§ **THE TASK**
All of the records below need to be written out exactly, but without the pictures.

§ **Items listed in a dataset**
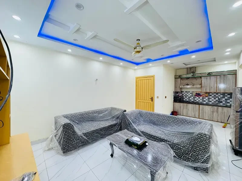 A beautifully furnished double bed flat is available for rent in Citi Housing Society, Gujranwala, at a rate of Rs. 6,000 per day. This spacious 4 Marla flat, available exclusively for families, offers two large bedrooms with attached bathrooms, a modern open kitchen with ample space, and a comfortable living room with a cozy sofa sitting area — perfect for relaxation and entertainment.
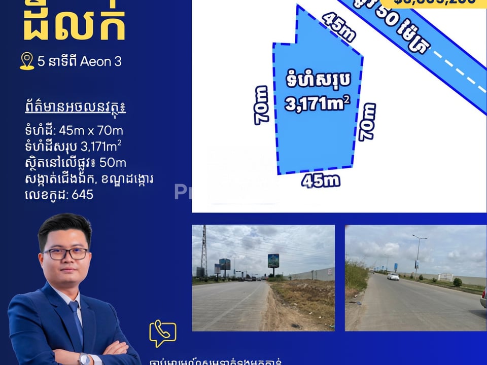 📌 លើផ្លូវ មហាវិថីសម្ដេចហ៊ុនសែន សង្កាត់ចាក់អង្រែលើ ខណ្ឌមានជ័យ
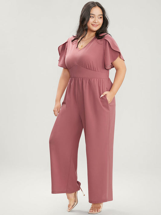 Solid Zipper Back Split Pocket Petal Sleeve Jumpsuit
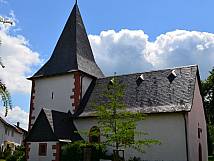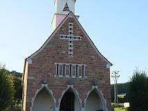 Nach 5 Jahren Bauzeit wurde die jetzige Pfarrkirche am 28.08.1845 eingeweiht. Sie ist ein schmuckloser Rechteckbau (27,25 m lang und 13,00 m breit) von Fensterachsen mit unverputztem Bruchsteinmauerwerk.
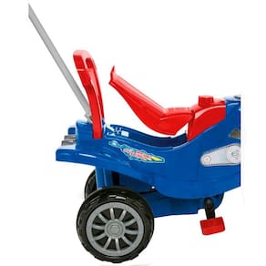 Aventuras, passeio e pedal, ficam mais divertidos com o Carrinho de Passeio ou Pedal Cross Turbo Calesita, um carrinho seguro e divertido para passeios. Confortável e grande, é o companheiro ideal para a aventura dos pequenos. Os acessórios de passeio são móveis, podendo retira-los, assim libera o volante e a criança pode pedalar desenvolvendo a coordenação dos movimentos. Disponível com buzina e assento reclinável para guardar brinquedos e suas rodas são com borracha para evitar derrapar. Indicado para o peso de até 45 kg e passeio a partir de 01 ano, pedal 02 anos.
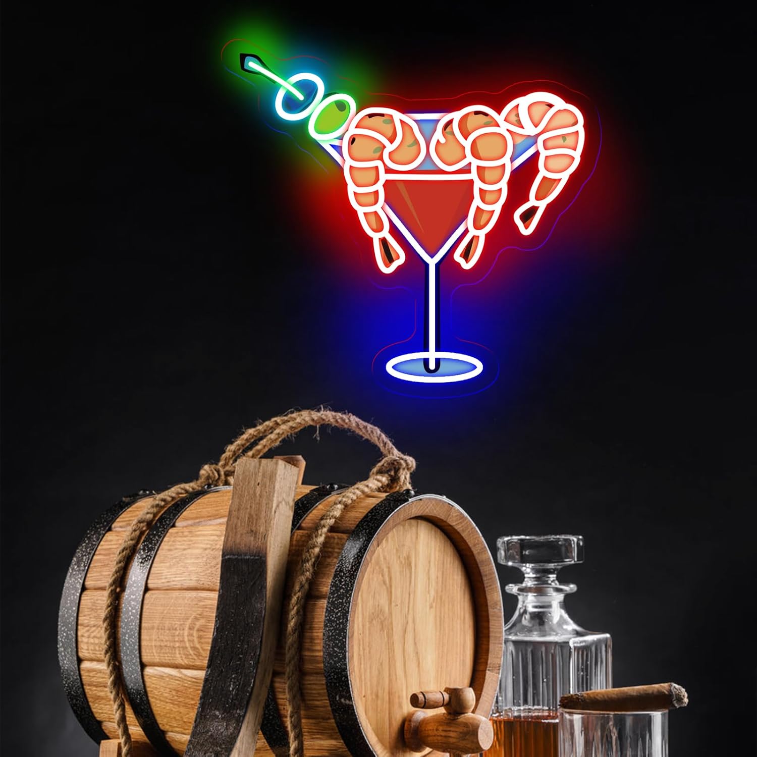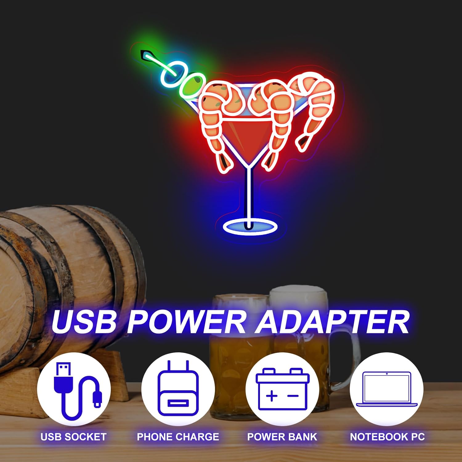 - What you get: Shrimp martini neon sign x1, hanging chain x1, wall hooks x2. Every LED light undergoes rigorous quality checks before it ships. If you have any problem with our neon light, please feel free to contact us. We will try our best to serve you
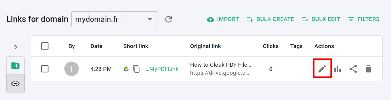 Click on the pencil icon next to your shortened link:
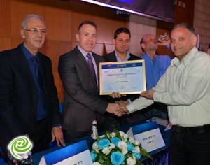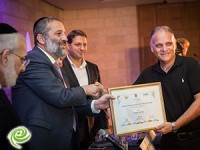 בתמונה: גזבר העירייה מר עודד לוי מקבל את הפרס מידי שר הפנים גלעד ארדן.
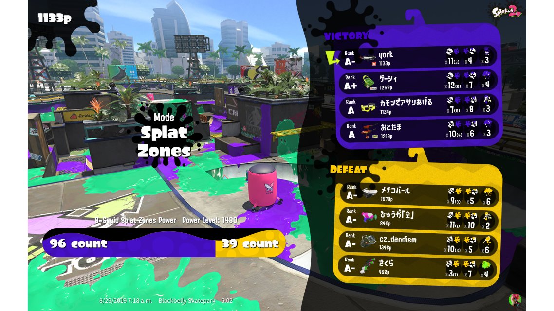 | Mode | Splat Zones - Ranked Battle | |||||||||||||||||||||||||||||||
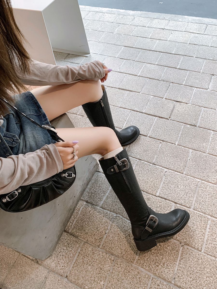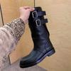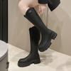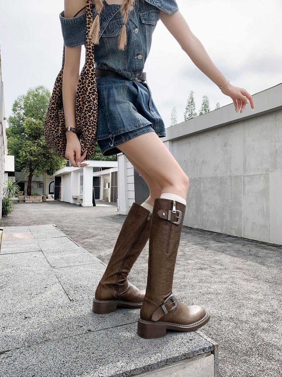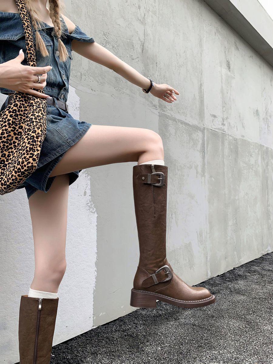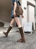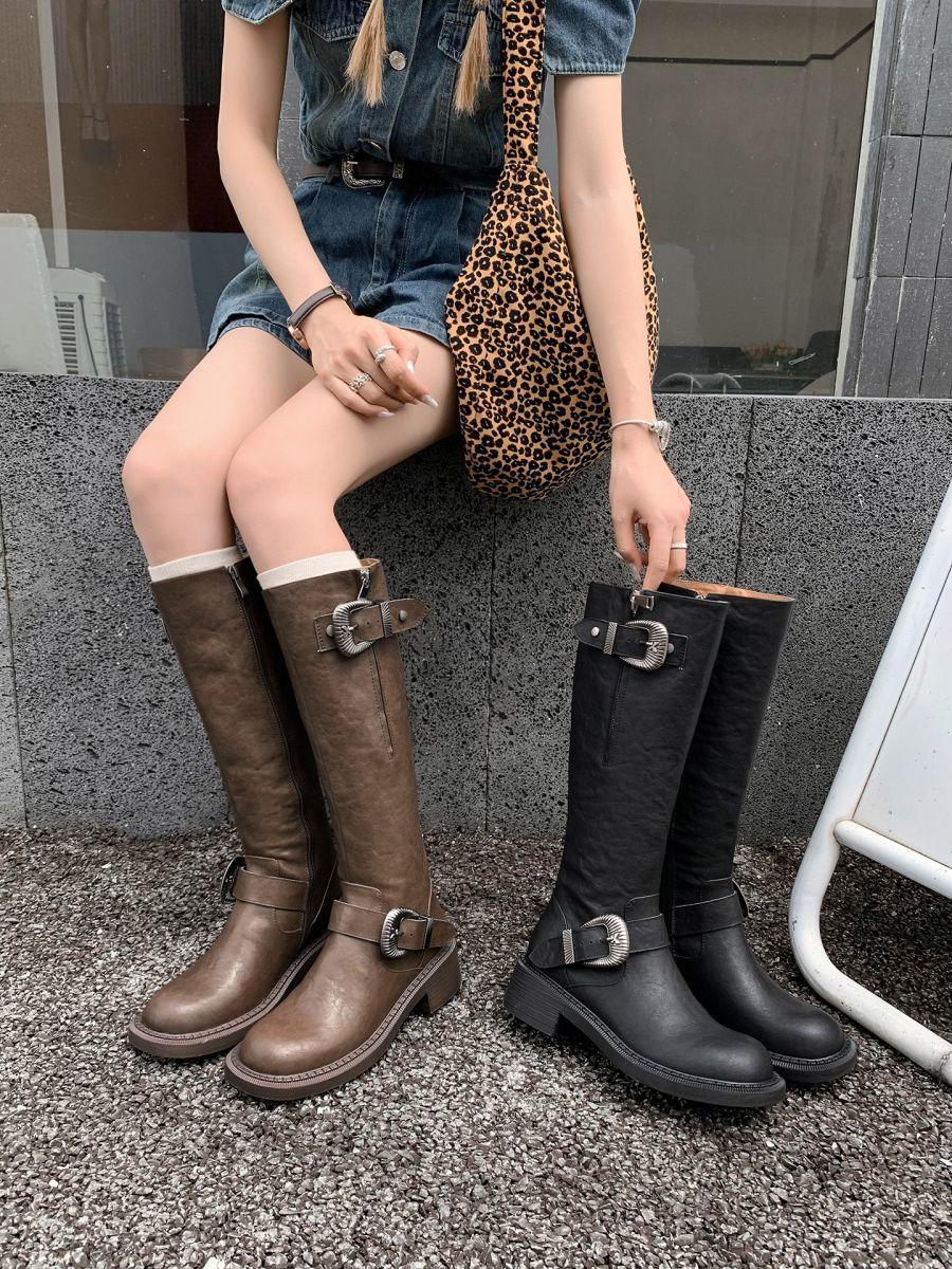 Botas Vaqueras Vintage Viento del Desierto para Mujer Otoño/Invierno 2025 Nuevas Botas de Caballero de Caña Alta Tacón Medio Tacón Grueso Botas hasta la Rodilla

§ **ANSWER BELOW**
 A beautifully furnished double bed flat is available for rent in Citi Housing Society, Gujranwala, at a rate of Rs. 6,000 per day. This spacious 4 Marla flat, available exclusively for families, offers two large bedrooms with attached bathrooms, a modern open kitchen with ample space, and a comfortable living room with a cozy sofa sitting area — perfect for relaxation and entertainment.
 📌 លើផ្លូវ មហាវិថីសម្ដេចហ៊ុនសែន សង្កាត់ចាក់អង្រែលើ ខណ្ឌមានជ័យ
 Solid Zipper Back Split Pocket Petal Sleeve Jumpsuit
 Nach 5 Jahren Bauzeit wurde die jetzige Pfarrkirche am 28.08.1845 eingeweiht. Sie ist ein schmuckloser Rechteckbau (27,25 m lang und 13,00 m breit) von Fensterachsen mit unverputztem Bruchsteinmauerwerk.
 Aventuras, passeio e pedal, ficam mais divertidos com o Carrinho de Passeio ou Pedal Cross Turbo Calesita, um carrinho seguro e divertido para passeios. Confortável e grande, é o companheiro ideal para a aventura dos pequenos. Os acessórios de passeio são móveis, podendo retira-los, assim libera o volante e a criança pode pedalar desenvolvendo a coordenação dos movimentos. Disponível com buzina e assento reclinável para guardar brinquedos e suas rodas são com borracha para evitar derrapar. Indicado para o peso de até 45 kg e passeio a partir de 01 ano, pedal 02 anos.
 - What you get: Shrimp martini neon sign x1, hanging chain x1, wall hooks x2. Every LED light undergoes rigorous quality checks before it ships. If you have any problem with our neon light, please feel free to contact us. We will try our best to serve you
 Click on the pencil icon next to your shortened link:
 בתמונה: גזבר העירייה מר עודד לוי מקבל את הפרס מידי שר הפנים גלעד ארדן.
 | Mode | Splat Zones - Ranked Battle | |||||||||||||||||||||||||||||||
 Botas Vaqueras Vintage Viento del Desierto para Mujer Otoño/Invierno 2025 Nuevas Botas de Caballero de Caña Alta Tacón Medio Tacón Grueso Botas hasta la Rodilla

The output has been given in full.